(Data entries)
—————
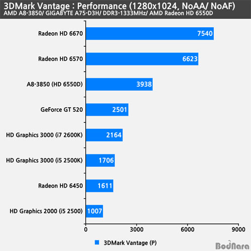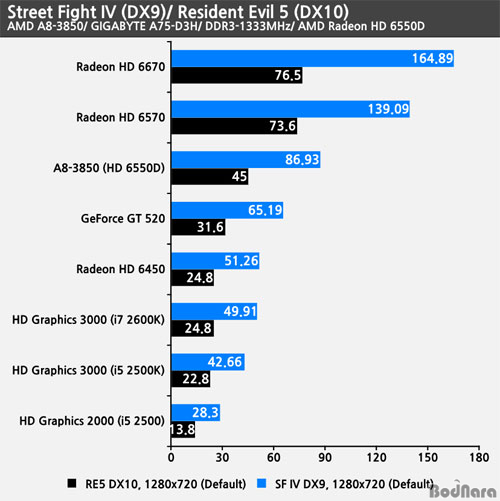 °ÔÀÌ¹Ö È¯°æ¿¡¼´Â ÀÎÅÚ »÷µðºê¸´Áö (Sandy Bridge)¿¡ ³»ÀåµÈ HD Graphics 2000/ 3000 ±×·¡ÇȺ¸´Ù AMDÀÇ A ½Ã¸®Áî APU¿¡ ³»ÀåµÈ ±×·¡ÇÈÄÚ¾îÀÇ Ã³¸® ¼º´ÉÀÌ Àü¹ÝÀûÀ¸·Î ¿ì¼öÇÑ °ÍÀ¸·Î È®ÀεȴÙ. º¸±ÞÇü DX11 Áö¿ø ÁöÆ÷½º GT 520À̳ª ¶óµ¥¿Â HD 6450 ¿ÜÀåÇü ±×·¡ÇÈÄ«µå¸¦ ¾Õ¼¹°í ¶óµ¥¿Â HD 6570 (Turks)¿¡´Â ºÎÁ·ÇÑ Ã³¸® ¼º´ÉÀ» Á¦°øÇߴµ¥ ÀÌ´Â º°µµÀÇ ¸Þ¸ð¸®¿Í 128bit ¸Þ¸ð¸® ÀÎÅÍÆäÀ̽º, 480SP, 24 ÅØ½ºÃ³ À¯´Ö, 8 ROP ±¸¼ºº¸´Ù ½ºÆå»óÀ¸·Î ºÒ¸®Çϱ⠶§¹®ÀÌ´Ù. ƯÈ÷, ¸Þ¸ð¸®´Â ½Ã½ºÅÛ ¸Þ¸ð¸®¸¦ °øÀ¯ÇϹǷΠ½Ã½ºÅÛ ¸Þ¸ð¸® µ¿ÀÛ Å¬·°¿¡ µû¶ó ³»Àå ±×·¡ÇÈÀÎ ¶óµ¥¿Â HD 6550DÀÇ ¼º´É¿¡ ¿µÇâÀ» ÁØ´Ù.
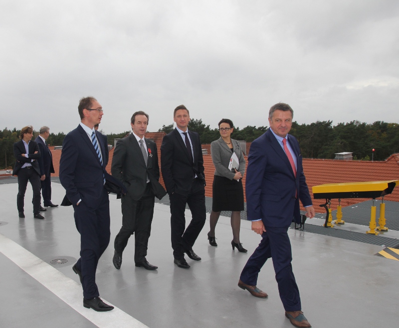 Lądowisko dla helikopterów na dachu obiektu lustrują pos. Marek Hok (na pierwszym planie) oraz marszałek Olgierd Geblewicz (trzeci z prawej). Towarzyszą im radny dr Łukasz Tyszler, dr Tomasz Grodzki i rzecznik prasowy Gabriela Wiatr.,
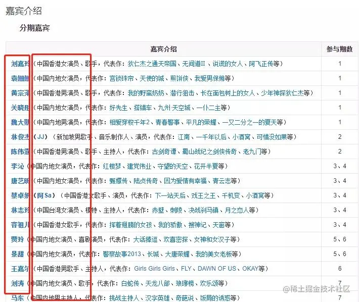 咱们主要是爬取嘉宾姓名和明星类型(演员、歌手等)
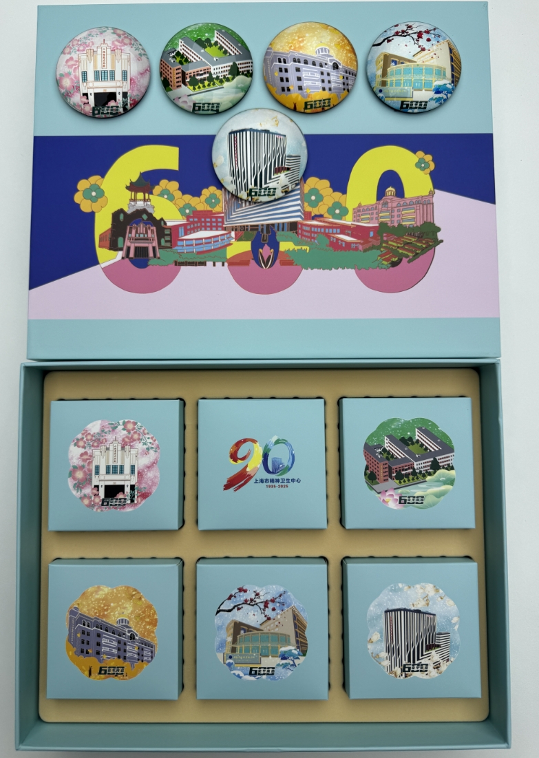 早在2021年,上海市精神卫生中心推出的月饼火了,一度登上热搜,一饼难求。今年,曾刷屏网络的网红月饼上新,“600号月饼”迎来五周岁,月饼礼盒犹如一幅可触摸的时间画卷——五座承载医院历史与创新的标志建筑融于春夏秋冬四季意境中。普慈疗养院大门、住院部老楼、心理咨询与治疗中心、徐汇院区门诊大楼、重性精神疾病诊疗中心的图案分别化作礼盒封面上一轮明月的形状,以随机盲盒的方式包装。各个职工所购买的每盒月饼,封面上大楼的图案都是不同的。
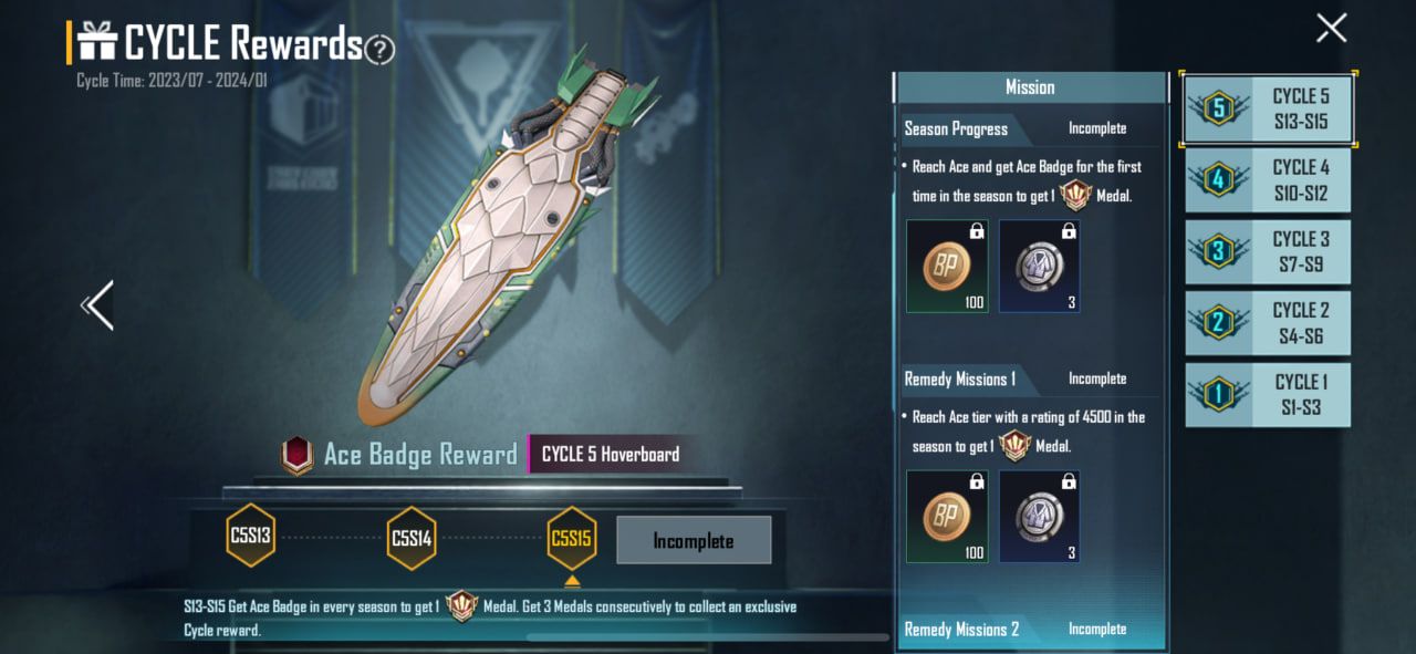 Hanya sedikit pemain PUBG MOBILE di dunia yang bisa mendapatkan hadiah eksklusif CYCLE 5 Hoverboard. Pasalnya, pemain ditantang untuk mencapai rank Ace selama 3 musim berturut-turut pada C5S13, C5S14, dan C5S15, yang tentunya membutuhkan skill dan juga komitmen.
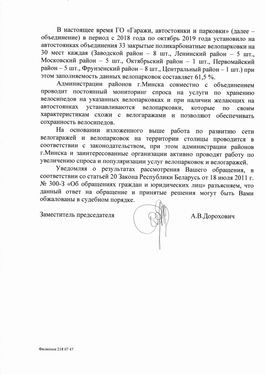 Работа по развитию сети велогаражей и велопарковок проводится в соответствии с законодательством, районные администрации и заинтересованные организации активно проводят работу по увеличению спроса и популяризации услуг велопарковок и велогаражей.
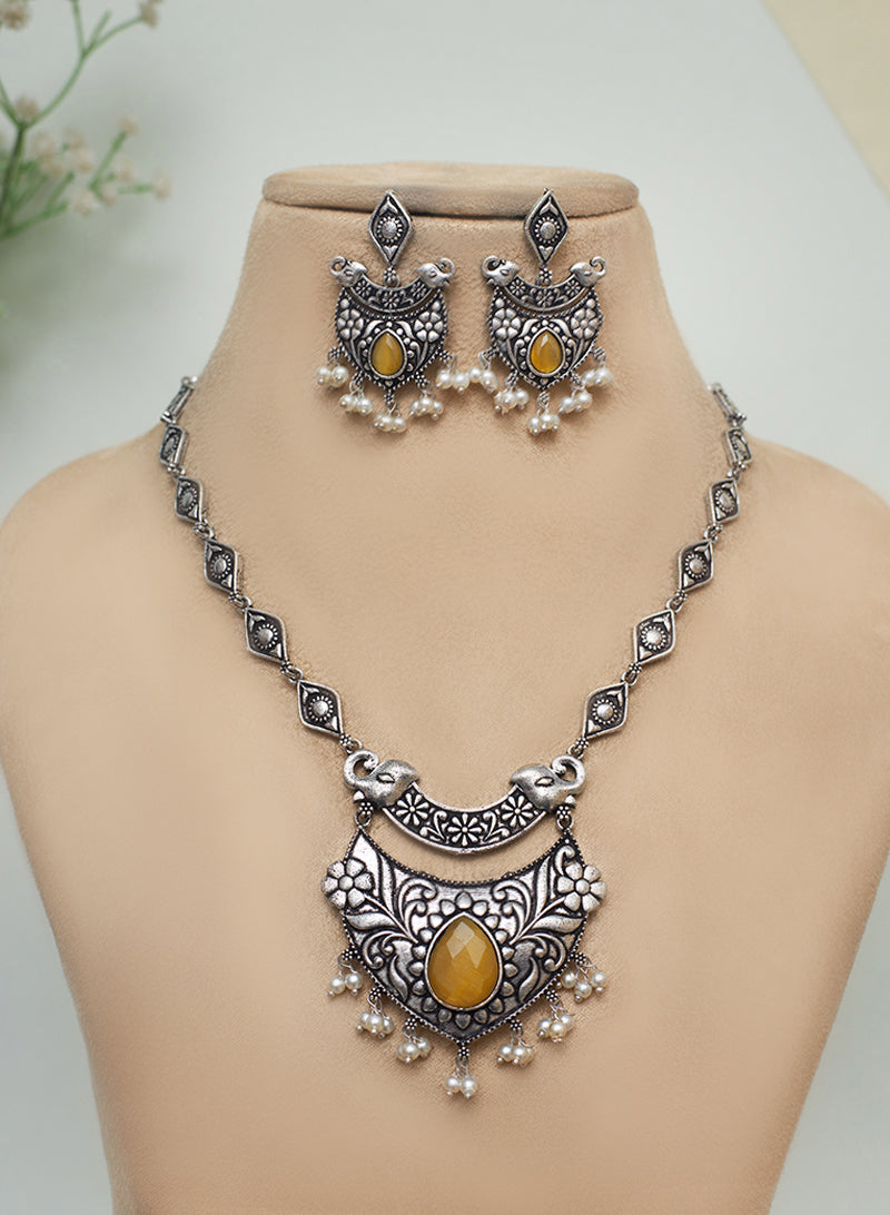 Occasion: Oxidised jewelry refers to pieces that have undergone a chemical process to darken the metal, typically silver, to give it an aged or antique appearance. Oxidised jewelry requires special care to maintain its appearance. it's recommended to store oxidised jewelry in a dry place away from direct sunlight and to avoid exposing it to harsh chemicals or abrasive materials when cleaning.Despite their vintage appearance, oxidised earrings can be remarkably versatile. They can complement a wide range of styles, from bohemian and casual to formal and ethnic, making them suitable for various occasions.
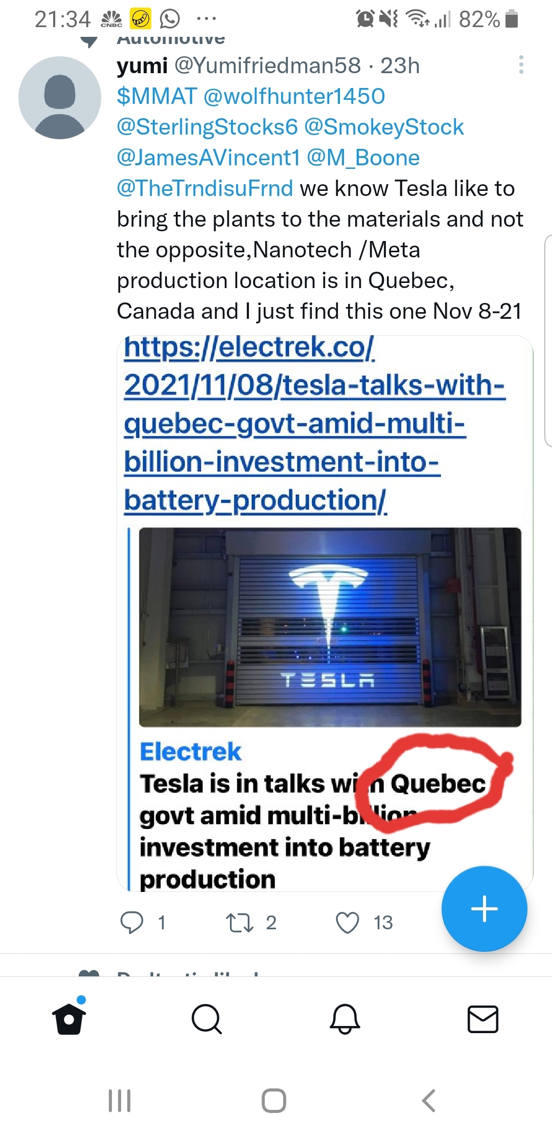 $Meta Materials Inc.(MMAT)$Read and understand. Meta is planning and expending to meet the coming demand and potential partnership or already in talk and agree. Check on it says material for battery and the same location where Elon is trying to be there too. ""Quebec""
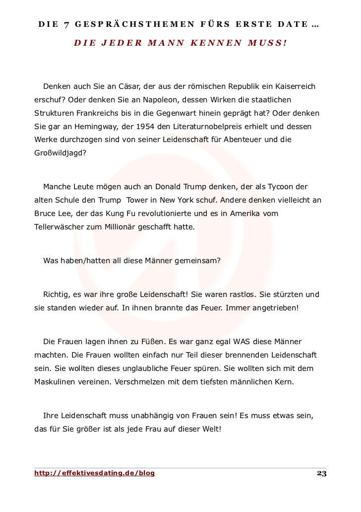 Etwa, wenn wir ihm unseren Zoff mit der besten Freundin schildern. Es gibt jedoch Ängste, Befürchtungen und Zweifel, die den Weg in eine erfolgreiche Zukunft schwer machen. Gegenseitiges Anschweigen kann ein echter Flirt-Killer sein! Lustige und spannende Themen für Gespräche gibt es theoretisch genug.
—————
## WHAT TO PRODUCE
All entries above are to be reproduced exactly, with no pictures.

## REPLY TO THE TASK
 °ÔÀÌ¹Ö È¯°æ¿¡¼´Â ÀÎÅÚ »÷µðºê¸´Áö (Sandy Bridge)¿¡ ³»ÀåµÈ HD Graphics 2000/ 3000 ±×·¡ÇȺ¸´Ù AMDÀÇ A ½Ã¸®Áî APU¿¡ ³»ÀåµÈ ±×·¡ÇÈÄÚ¾îÀÇ Ã³¸® ¼º´ÉÀÌ Àü¹ÝÀûÀ¸·Î ¿ì¼öÇÑ °ÍÀ¸·Î È®ÀεȴÙ. º¸±ÞÇü DX11 Áö¿ø ÁöÆ÷½º GT 520À̳ª ¶óµ¥¿Â HD 6450 ¿ÜÀåÇü ±×·¡ÇÈÄ«µå¸¦ ¾Õ¼¹°í ¶óµ¥¿Â HD 6570 (Turks)¿¡´Â ºÎÁ·ÇÑ Ã³¸® ¼º´ÉÀ» Á¦°øÇߴµ¥ ÀÌ´Â º°µµÀÇ ¸Þ¸ð¸®¿Í 128bit ¸Þ¸ð¸® ÀÎÅÍÆäÀ̽º, 480SP, 24 ÅØ½ºÃ³ À¯´Ö, 8 ROP ±¸¼ºº¸´Ù ½ºÆå»óÀ¸·Î ºÒ¸®Çϱ⠶§¹®ÀÌ´Ù. ƯÈ÷, ¸Þ¸ð¸®´Â ½Ã½ºÅÛ ¸Þ¸ð¸®¸¦ °øÀ¯ÇϹǷΠ½Ã½ºÅÛ ¸Þ¸ð¸® µ¿ÀÛ Å¬·°¿¡ µû¶ó ³»Àå ±×·¡ÇÈÀÎ ¶óµ¥¿Â HD 6550DÀÇ ¼º´É¿¡ ¿µÇâÀ» ÁØ´Ù.
 Lądowisko dla helikopterów na dachu obiektu lustrują pos. Marek Hok (na pierwszym planie) oraz marszałek Olgierd Geblewicz (trzeci z prawej). Towarzyszą im radny dr Łukasz Tyszler, dr Tomasz Grodzki i rzecznik prasowy Gabriela Wiatr.,
 咱们主要是爬取嘉宾姓名和明星类型(演员、歌手等)
 早在2021年,上海市精神卫生中心推出的月饼火了,一度登上热搜,一饼难求。今年,曾刷屏网络的网红月饼上新,“600号月饼”迎来五周岁,月饼礼盒犹如一幅可触摸的时间画卷——五座承载医院历史与创新的标志建筑融于春夏秋冬四季意境中。普慈疗养院大门、住院部老楼、心理咨询与治疗中心、徐汇院区门诊大楼、重性精神疾病诊疗中心的图案分别化作礼盒封面上一轮明月的形状,以随机盲盒的方式包装。各个职工所购买的每盒月饼,封面上大楼的图案都是不同的。
 Hanya sedikit pemain PUBG MOBILE di dunia yang bisa mendapatkan hadiah eksklusif CYCLE 5 Hoverboard. Pasalnya, pemain ditantang untuk mencapai rank Ace selama 3 musim berturut-turut pada C5S13, C5S14, dan C5S15, yang tentunya membutuhkan skill dan juga komitmen.
 Работа по развитию сети велогаражей и велопарковок проводится в соответствии с законодательством, районные администрации и заинтересованные организации активно проводят работу по увеличению спроса и популяризации услуг велопарковок и велогаражей.
 Occasion: Oxidised jewelry refers to pieces that have undergone a chemical process to darken the metal, typically silver, to give it an aged or antique appearance. Oxidised jewelry requires special care to maintain its appearance. it's recommended to store oxidised jewelry in a dry place away from direct sunlight and to avoid exposing it to harsh chemicals or abrasive materials when cleaning.Despite their vintage appearance, oxidised earrings can be remarkably versatile. They can complement a wide range of styles, from bohemian and casual to formal and ethnic, making them suitable for various occasions.
 $Meta Materials Inc.(MMAT)$Read and understand. Meta is planning and expending to meet the coming demand and potential partnership or already in talk and agree. Check on it says material for battery and the same location where Elon is trying to be there too. ""Quebec""
 Etwa, wenn wir ihm unseren Zoff mit der besten Freundin schildern. Es gibt jedoch Ängste, Befürchtungen und Zweifel, die den Weg in eine erfolgreiche Zukunft schwer machen. Gegenseitiges Anschweigen kann ein echter Flirt-Killer sein! Lustige und spannende Themen für Gespräche gibt es theoretisch genug.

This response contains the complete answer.